FOR THE TOPPING, mix flour, 3 tablespoons of the sugar, baking powder, ginger, 1/4 teaspoon of the cinnamon, baking soda and salt in large bowl. Add buttermilk; mix well. Drop dough by rounded tablespoonfuls into 6 portions onto fruit mixture. Mix remaining 1 tablespoon sugar and 1/4 teaspoon cinnamon. Sprinkle over biscuits.
BAKE in preheated 350°F oven 35 to 40 minutes or until fruit is bubbly and topping is browned. Serve warm.

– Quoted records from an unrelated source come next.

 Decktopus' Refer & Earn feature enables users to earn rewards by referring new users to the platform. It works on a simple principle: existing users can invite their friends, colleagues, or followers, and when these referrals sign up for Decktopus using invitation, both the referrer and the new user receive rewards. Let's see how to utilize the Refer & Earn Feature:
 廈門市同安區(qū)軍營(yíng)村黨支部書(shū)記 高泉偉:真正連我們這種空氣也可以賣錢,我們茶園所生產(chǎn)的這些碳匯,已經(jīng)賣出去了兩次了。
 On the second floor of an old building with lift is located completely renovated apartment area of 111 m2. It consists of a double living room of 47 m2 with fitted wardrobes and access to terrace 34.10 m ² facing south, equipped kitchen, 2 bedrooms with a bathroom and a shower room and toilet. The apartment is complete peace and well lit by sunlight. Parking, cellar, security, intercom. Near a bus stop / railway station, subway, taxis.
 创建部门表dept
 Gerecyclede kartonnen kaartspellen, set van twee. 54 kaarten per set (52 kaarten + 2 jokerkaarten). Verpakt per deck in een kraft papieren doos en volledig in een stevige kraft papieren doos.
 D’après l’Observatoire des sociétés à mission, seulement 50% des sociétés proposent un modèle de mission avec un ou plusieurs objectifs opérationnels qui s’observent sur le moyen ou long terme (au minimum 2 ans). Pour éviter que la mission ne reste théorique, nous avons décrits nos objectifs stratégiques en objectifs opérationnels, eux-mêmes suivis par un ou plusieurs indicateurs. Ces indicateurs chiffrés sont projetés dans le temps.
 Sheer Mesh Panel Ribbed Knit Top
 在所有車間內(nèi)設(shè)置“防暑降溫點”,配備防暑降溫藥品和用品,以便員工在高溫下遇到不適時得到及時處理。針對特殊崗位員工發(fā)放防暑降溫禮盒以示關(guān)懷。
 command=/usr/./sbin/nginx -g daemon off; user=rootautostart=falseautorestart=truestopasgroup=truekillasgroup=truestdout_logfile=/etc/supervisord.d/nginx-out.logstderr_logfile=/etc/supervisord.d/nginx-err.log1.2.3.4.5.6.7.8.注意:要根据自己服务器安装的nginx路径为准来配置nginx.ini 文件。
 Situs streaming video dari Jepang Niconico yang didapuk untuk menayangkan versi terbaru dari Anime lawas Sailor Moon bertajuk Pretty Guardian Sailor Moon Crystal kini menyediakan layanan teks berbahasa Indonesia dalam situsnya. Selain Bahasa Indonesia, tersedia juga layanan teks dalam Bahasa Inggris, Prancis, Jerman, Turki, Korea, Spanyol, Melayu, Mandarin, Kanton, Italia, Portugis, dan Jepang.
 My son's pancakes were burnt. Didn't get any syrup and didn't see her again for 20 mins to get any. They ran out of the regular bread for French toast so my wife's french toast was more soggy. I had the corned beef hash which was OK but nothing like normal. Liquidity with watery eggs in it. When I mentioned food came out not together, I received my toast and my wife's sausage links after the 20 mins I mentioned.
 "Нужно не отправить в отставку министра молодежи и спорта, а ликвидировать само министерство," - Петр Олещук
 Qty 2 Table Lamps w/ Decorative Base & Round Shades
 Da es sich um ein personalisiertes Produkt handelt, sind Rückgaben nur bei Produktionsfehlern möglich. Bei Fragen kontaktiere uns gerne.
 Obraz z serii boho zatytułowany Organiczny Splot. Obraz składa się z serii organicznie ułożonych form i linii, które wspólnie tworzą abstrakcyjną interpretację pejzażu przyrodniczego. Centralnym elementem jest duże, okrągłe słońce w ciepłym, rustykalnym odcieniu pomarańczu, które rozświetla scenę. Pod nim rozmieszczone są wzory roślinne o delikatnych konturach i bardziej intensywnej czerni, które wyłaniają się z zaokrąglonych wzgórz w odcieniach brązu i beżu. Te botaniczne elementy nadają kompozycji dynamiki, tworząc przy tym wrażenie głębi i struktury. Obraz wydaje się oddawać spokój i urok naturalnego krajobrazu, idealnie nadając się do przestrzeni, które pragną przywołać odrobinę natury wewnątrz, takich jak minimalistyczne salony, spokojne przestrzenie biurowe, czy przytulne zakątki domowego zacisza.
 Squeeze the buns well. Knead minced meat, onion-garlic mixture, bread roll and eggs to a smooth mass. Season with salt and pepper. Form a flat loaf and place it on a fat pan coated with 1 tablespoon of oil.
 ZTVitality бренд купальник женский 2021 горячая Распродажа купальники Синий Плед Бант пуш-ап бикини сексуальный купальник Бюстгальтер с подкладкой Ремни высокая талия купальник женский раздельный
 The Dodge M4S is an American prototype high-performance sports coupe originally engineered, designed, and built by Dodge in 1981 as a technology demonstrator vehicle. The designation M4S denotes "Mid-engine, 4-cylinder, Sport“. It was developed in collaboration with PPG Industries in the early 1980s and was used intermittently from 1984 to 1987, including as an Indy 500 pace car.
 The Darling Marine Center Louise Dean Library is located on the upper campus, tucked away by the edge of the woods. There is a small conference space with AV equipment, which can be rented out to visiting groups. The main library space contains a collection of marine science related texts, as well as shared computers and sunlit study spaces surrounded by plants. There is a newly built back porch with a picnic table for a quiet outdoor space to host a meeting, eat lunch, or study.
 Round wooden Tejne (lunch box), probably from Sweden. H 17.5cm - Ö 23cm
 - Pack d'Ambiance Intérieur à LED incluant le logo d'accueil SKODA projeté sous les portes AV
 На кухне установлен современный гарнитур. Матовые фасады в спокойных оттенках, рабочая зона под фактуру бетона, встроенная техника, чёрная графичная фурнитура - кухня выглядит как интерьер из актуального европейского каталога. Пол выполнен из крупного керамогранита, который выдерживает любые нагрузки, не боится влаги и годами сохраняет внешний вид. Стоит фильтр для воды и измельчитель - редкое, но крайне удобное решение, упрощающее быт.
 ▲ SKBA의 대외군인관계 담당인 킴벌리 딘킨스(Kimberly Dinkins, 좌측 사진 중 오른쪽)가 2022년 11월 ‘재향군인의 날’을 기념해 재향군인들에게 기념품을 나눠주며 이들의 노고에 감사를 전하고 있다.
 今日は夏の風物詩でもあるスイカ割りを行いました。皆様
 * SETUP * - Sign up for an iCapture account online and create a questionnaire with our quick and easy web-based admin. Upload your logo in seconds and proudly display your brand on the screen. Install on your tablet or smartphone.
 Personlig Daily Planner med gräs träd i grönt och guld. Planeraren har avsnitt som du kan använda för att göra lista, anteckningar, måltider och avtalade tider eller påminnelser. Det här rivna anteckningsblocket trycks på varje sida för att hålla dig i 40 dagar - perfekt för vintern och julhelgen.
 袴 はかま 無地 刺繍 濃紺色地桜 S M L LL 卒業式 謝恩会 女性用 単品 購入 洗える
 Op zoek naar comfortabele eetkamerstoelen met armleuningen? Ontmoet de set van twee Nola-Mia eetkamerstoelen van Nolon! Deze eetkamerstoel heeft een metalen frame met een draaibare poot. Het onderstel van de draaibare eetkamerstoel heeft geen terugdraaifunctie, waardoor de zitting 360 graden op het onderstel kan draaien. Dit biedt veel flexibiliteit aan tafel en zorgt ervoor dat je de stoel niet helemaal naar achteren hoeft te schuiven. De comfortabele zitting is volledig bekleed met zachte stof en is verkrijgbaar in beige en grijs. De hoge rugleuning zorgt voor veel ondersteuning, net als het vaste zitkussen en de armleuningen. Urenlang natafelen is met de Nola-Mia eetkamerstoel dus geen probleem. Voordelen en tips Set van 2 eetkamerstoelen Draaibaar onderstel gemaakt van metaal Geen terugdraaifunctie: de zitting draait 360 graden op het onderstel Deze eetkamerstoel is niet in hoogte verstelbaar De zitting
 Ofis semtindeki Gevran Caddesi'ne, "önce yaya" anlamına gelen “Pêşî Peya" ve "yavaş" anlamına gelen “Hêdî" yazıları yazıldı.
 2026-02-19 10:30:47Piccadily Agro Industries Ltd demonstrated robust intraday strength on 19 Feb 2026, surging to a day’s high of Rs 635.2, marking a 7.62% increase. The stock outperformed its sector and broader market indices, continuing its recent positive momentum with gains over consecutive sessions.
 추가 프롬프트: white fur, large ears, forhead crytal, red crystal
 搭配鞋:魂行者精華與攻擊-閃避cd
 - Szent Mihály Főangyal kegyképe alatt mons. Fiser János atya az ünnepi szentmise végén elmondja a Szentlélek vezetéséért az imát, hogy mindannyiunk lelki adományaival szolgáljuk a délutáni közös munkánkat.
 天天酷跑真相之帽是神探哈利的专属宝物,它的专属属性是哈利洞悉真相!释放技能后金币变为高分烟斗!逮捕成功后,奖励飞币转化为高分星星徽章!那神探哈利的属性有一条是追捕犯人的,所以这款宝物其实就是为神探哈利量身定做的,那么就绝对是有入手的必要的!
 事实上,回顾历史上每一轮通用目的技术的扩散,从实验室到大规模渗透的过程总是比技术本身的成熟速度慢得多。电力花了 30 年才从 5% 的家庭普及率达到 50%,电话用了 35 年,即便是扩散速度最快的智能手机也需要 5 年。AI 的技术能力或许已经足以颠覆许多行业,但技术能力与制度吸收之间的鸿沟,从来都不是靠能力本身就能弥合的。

Nutrition Information Per One Serving:
225 Calories, Fat 1g, Protein 2g, Carbohydrates 52g, Cholesterol 1mg, Sodium 128mg, Fiber 5g
Test Kitchen Tip: Use sliced peeled peaches in place of the mangoes. Or, use frozen blueberries, unthawed, in place of the fresh blueberries. Prepare and bake as directed.